Work instruction. All pictures are to be excluded when the data below is output verbatim.

Dataset extract.

# # # # #

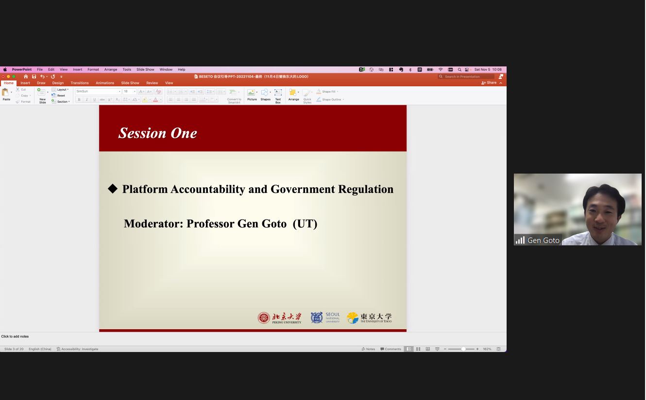 年会第一研讨环节的主题是“Platform Accountability and Government Regulation(平台责任与行政监管)”,东京大学Gen Goto教授担任主持。
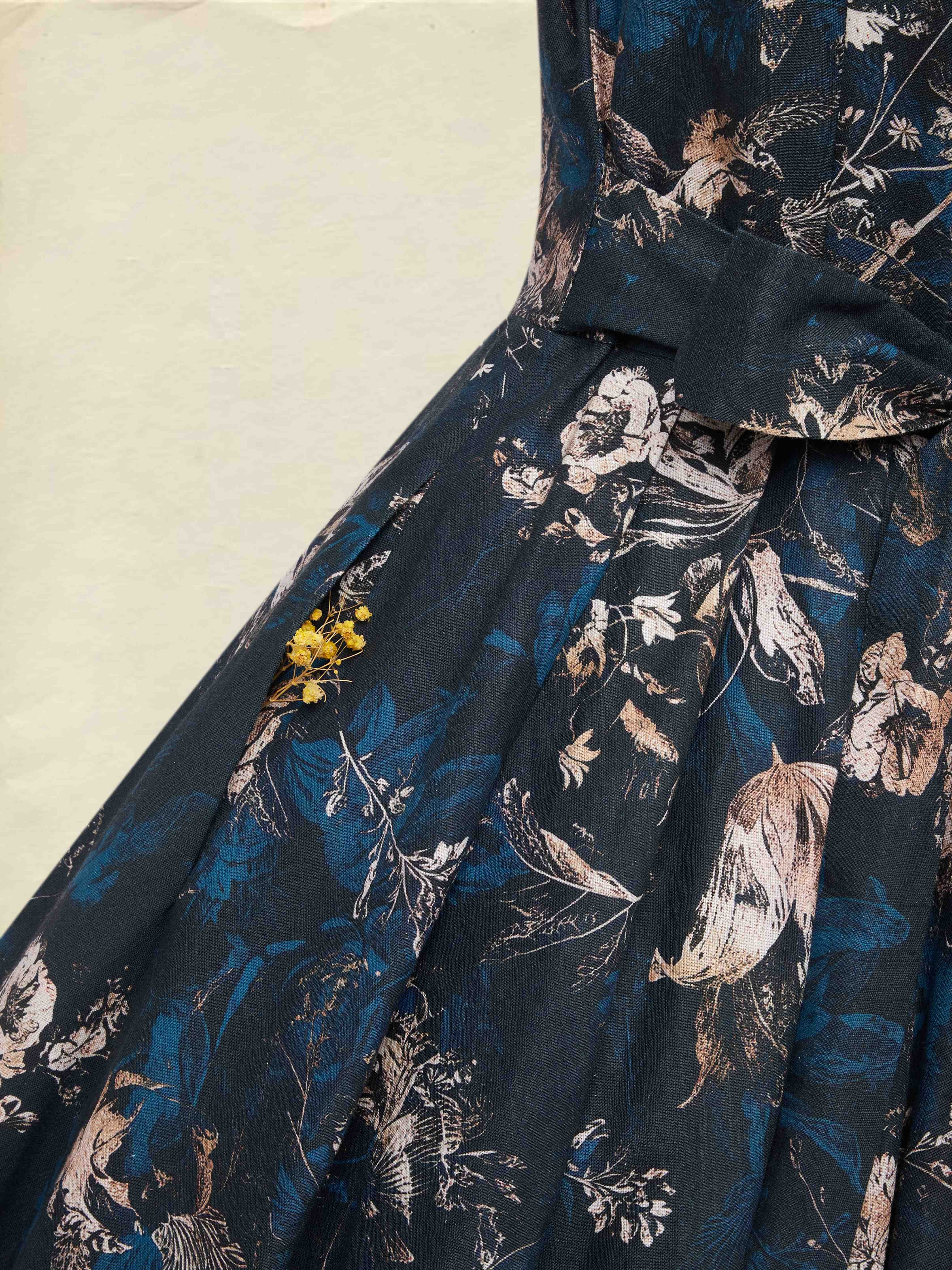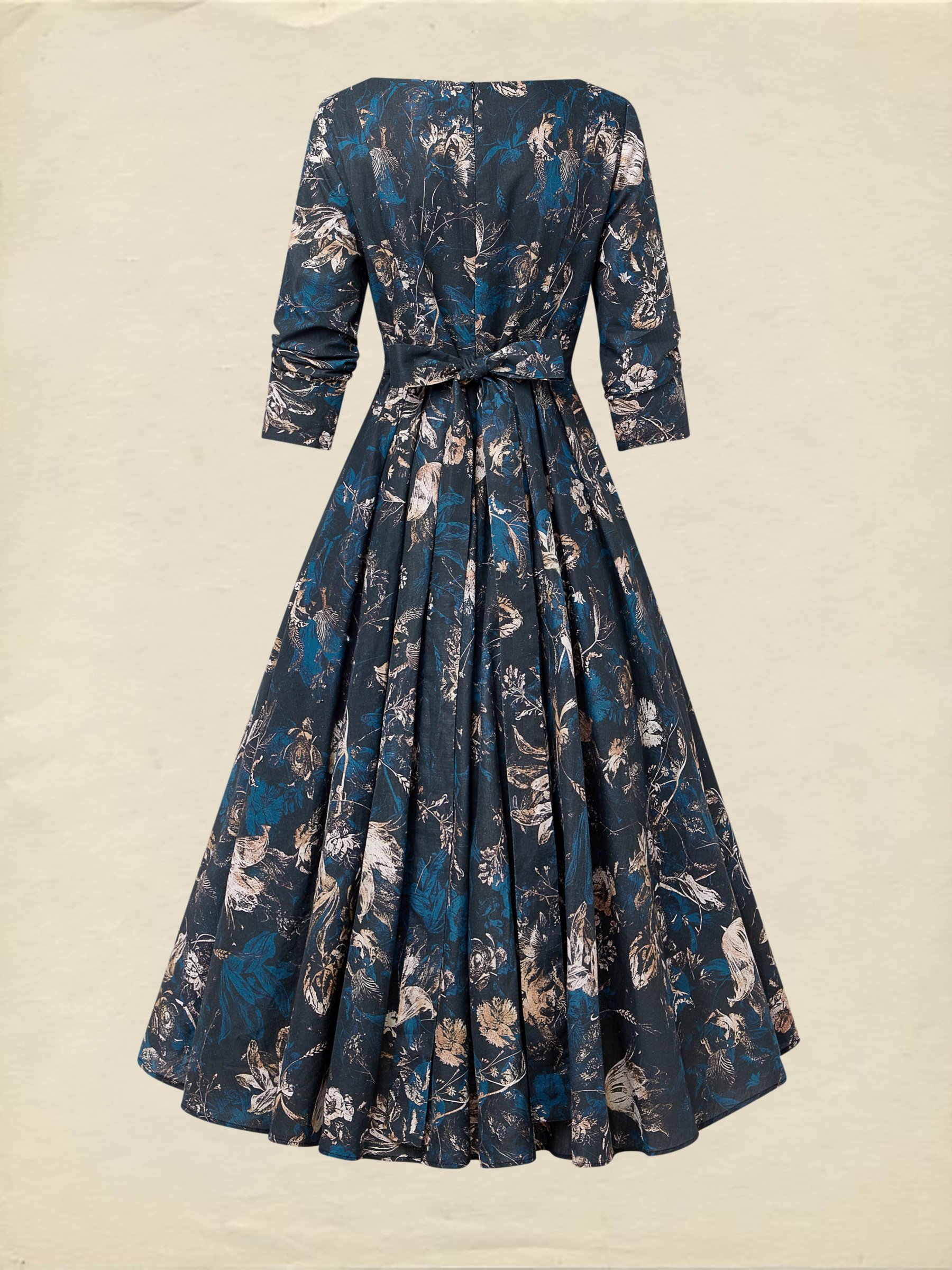 Midi Linen Dress, Long Sleeves, V Neck, Floral, Button Design, Vintage, Deep Blue
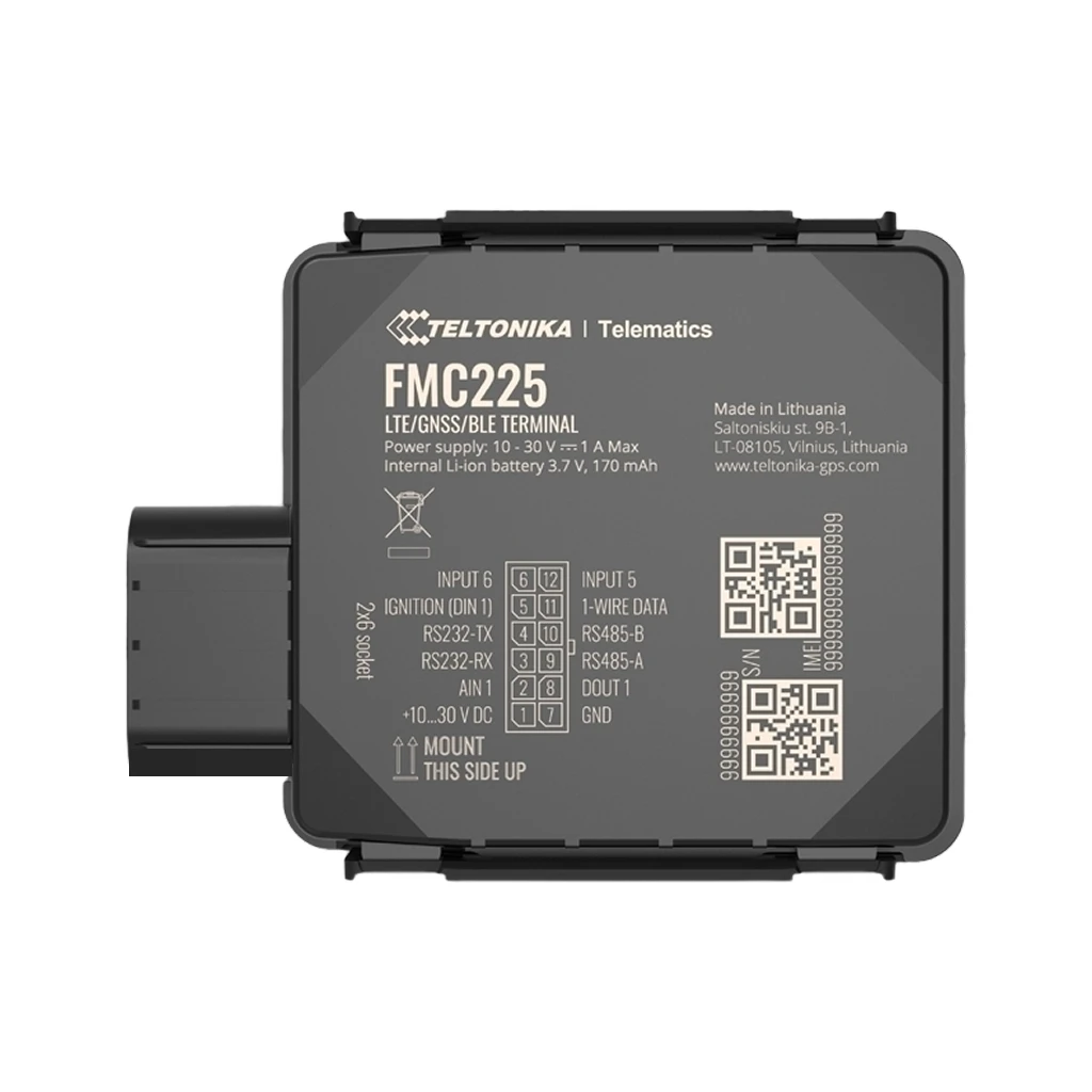 Teltonika FMC225 — это влагостойкий трекер с поддержкой 4G LTE Cat 1 и интерфейсами RS485 и RS232. Устройство поддерживает две SIM-карты, что позволяет снизить расходы на роуминг.

# # # # #

Answer area.
 年会第一研讨环节的主题是“Platform Accountability and Government Regulation(平台责任与行政监管)”,东京大学Gen Goto教授担任主持。
 Midi Linen Dress, Long Sleeves, V Neck, Floral, Button Design, Vintage, Deep Blue
 Teltonika FMC225 — это влагостойкий трекер с поддержкой 4G LTE Cat 1 и интерфейсами RS485 и RS232. Устройство поддерживает две SIM-карты, что позволяет снизить расходы на роуминг.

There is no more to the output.